He gestured toward the fenced field stretching behind him—patchwork tarps, flagged grids, and the slow green churn of summer overtaking everything. “What happens here is research—controlled study of human decomposition. We document temperature, soil chemistry, insect succession, tissue breakdown. It’s not glamorous. But it saves lives and answers questions that otherwise wouldn’t be answered.”

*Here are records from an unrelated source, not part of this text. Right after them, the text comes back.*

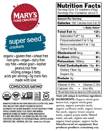 -. Title : Mary's Gone Crackers Original Super Seed Crackers, 5.5 Ounce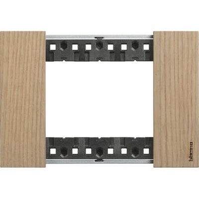 Ramă ornament cu 3 module din lemn de stejar, parte a gamei Living Now de la Bticino. Design elegant și natural, ideal pentru interioare moderne.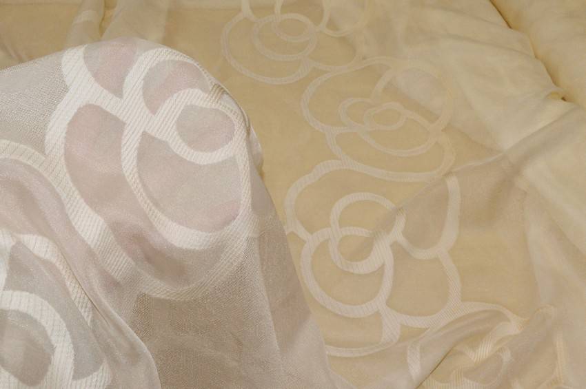 Tessuto crepe per tende dalla mano leggera, cadente e semitrasparente. Il fondo panna viene decorato dall'applicazione floreale in tinta di 16 cm per un aspetto classico e raffinato. Idoneo per realizzare tutte le tipologie di tende arricciate.

The six of us stood there in a loose semicircle, the smell of cut grass and something faintly metallic rising in the heat. Kayla spoke first. “So we’ll actually be… out there?”

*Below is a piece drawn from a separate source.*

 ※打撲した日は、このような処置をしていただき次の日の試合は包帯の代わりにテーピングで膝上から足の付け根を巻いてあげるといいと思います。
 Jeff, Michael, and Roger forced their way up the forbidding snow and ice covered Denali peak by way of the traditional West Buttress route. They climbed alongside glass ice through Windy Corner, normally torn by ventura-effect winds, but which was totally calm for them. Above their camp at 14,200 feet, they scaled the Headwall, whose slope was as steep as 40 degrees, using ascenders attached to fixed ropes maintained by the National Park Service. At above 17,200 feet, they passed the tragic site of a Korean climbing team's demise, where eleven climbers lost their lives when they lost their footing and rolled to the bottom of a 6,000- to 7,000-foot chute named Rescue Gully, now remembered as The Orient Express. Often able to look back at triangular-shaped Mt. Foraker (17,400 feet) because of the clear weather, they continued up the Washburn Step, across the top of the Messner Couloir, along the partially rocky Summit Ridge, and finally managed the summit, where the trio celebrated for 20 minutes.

“You will,” Dr. Howard said. “Under supervision. You’ll log observations, take samples, and learn proper recovery protocol. Everything we do here is about respect. Every donor volunteered to teach us something. You treat them like instructors, not experiments.”

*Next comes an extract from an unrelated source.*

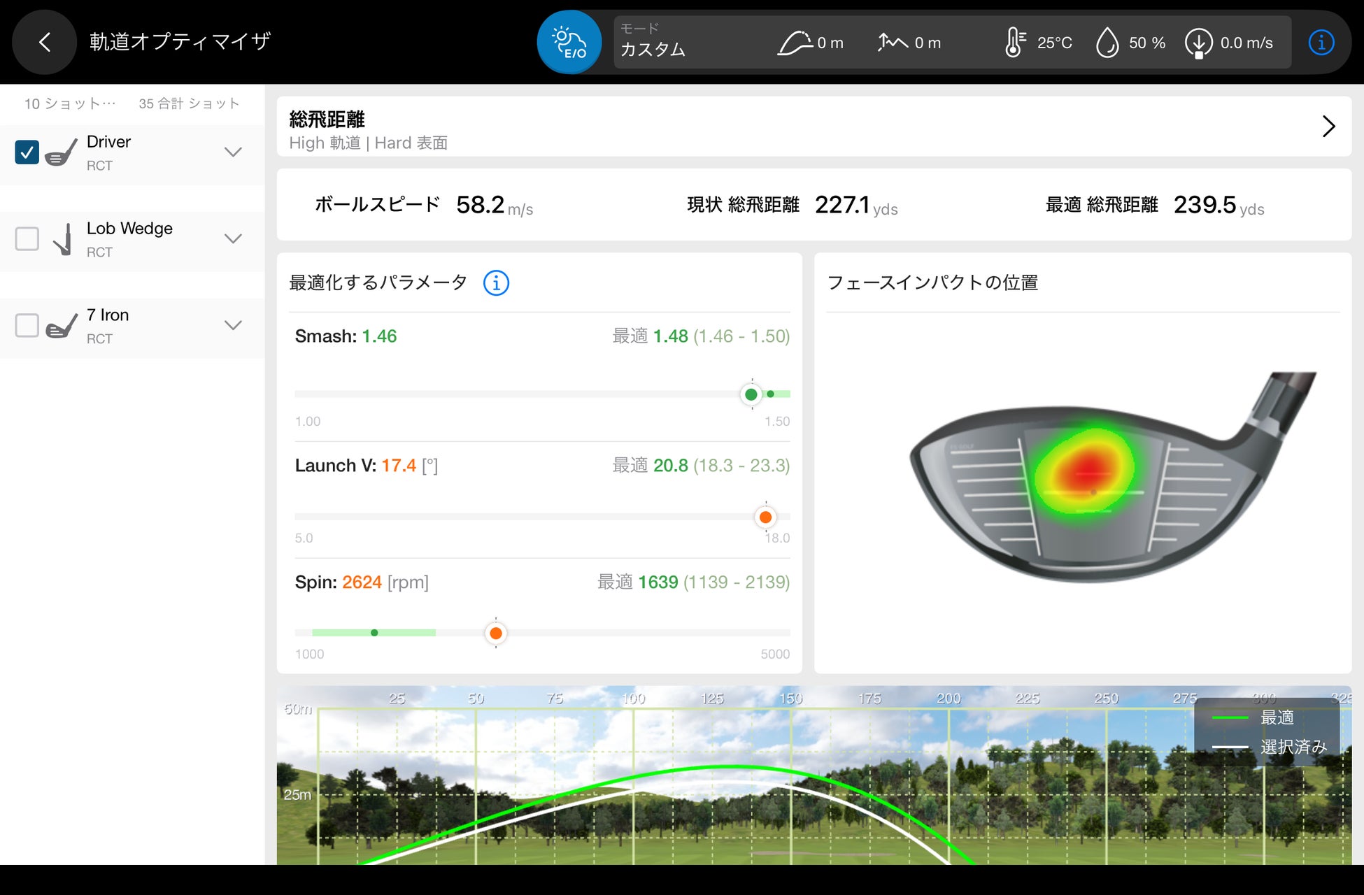 パーソナライズされたショットデータと天候などの環境要因に基づいて、最適化するための

He turned toward Forbes. “Mr. Whittaker will be your field lead. Follow his direction. He knows the site layout and safety procedures. You’ll be divided into pairs and assigned sectors by midafternoon. We’ll start with orientation and a perimeter walk before anyone touches a thing.”

He waited, scanning our faces like he was trying to read who’d flinch first. No one did.

“Good,” he said finally, clapping his hands once. “Grab gloves, water, and notebooks. Let’s make the most of the daylight.”

As we followed him toward the main gate, the air seemed to thicken with every step. The cicadas buzzed louder. And somewhere beyond the fence, the wind shifted—carrying with it the faint, unmistakable scent of what waited for us inside.

We followed Dr. Howard along the narrow path that circled the facility, the air humming with heat and insects. The fencing was high and rusted in places, its mesh lined with bright yellow tags warning AUTHORIZED PERSONNEL ONLY. Beyond it, the research plots stretched in irregular squares—patches of turned soil, half-covered by tarps or shade cloths. Some were framed by wooden stakes and flagged string grids, others by nothing but the slow growth of weeds reclaiming their space.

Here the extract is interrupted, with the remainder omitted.